Скоро берег пропал из виду, и я ощутил невольный страх: теперь я остался один на один с этой бескрайней стихией.
Я сжал в кулаке золотого бычка, и это укрепило мой дух. Критский бык спасал меня уже не раз: и теперь приведет домой. Теперь я твердо в это верил!
Устроившись поудобнее на разостланном плаще, я оглядел своих попутчиков, на которых сперва не обратил внимания. Несколько полунагих смуглых людей, в одних пестрых поясах-повязках, сидели на корточках и оживленно болтали: их волосы, разделенные на волнистые пряди и смазанные маслом, блестели как змеи. Похоже, они были минойцы или полукровки. Пара родосских греков в белых гиматиях расположилась подальше – эти бородатые и степенные мужи тоже были заняты беседой. Никому не было до меня дела.
Я поежился, в полной мере ощутив последствия своего опрометчивого решения. Неужели до самого Египта я так и буду один?..
Я почти решился попытаться завязать с кем-нибудь из спутников знакомство; и уже хотел встать, опираясь на посох. Но тут вдруг кто-то присел рядом со мной.
Невольно вздрогнув, я повернулся к этому человеку: это оказался сам триерарх Талассий. И теперь я почти обрадовался ему.
Я хотел встать, из почтения к старшему, но миноец жестом удержал меня.
– Сиди, юноша. Ты и так не очень-то устойчив, как я погляжу, – он весело оскалился, заставив меня задрожать от гнева. Пусть я еще мальчишка и, вдобавок, хромой – такого тона я никому не спущу!
– Что тебе нужно… триерарх? – спросил я, стискивая зубы. Невольно я огладил резную совиную голову на набалдашнике: хотя отлично сознавал, что поднять руку на начальника корабля посреди моря было бы самоубийством.
– Не злись, – Талассий заметил мое движение. А потом вдруг цапнул меня за запястье: рука у него была сухая и сильная, как клещи.

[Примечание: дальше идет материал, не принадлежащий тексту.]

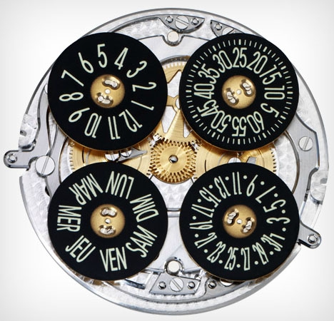 Вдохновением для создания дизайна часов послужила классическая китайская иконография. На золотом эмалированном циферблате, созданном по специальной женевской технике Grand Feu, притаилась свернутая клубочком змея, выгравированная из золота, платины или бронзы на выбор. Вокруг нее, на фоне золотых листьев, симметрично расположены четыре окошка, отображающие часы, минуты, дату и день недели.

– Я вовсе не хотел тебя обидеть, только познакомиться! – сказал критянин. – Я уже знаю на моем судне всех, кроме тебя, – а ты назвал только свое имя.

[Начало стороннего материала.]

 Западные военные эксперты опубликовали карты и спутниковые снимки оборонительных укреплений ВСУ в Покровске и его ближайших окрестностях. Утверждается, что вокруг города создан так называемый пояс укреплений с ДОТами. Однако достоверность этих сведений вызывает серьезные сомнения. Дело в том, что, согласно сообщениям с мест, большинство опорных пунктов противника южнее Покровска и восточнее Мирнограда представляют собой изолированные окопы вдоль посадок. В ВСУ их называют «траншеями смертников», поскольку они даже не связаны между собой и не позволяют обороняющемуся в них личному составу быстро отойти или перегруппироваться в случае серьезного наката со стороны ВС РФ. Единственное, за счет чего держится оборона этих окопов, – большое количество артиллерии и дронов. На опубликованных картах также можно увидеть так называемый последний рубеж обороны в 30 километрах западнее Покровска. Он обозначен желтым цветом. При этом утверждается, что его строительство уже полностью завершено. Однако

Я теперь не сомневался, что при желании он бы справился со мной играючи; и мне самому уже сделалось стыдно за несдержанность.
– Я Питфей, сын Никострата… из города Линда, – сказал я, потупившись. – Я плыву на Крит, чтобы взглянуть на древние храмы великой богини, а потом отправлюсь в Египет.
Это все прозвучало, как мне показалось, очень по-детски; я покраснел. Но триерарх надо мной не смеялся – он снова внимательно меня разглядывал: и рассмотрел мой амулет.
– Такие украшения у нас делали тысячу лет назад и еще раньше, – сказал Талассий. Он протянул руку и тронул моего бычка. – У тебя на Крите есть родня или знакомые?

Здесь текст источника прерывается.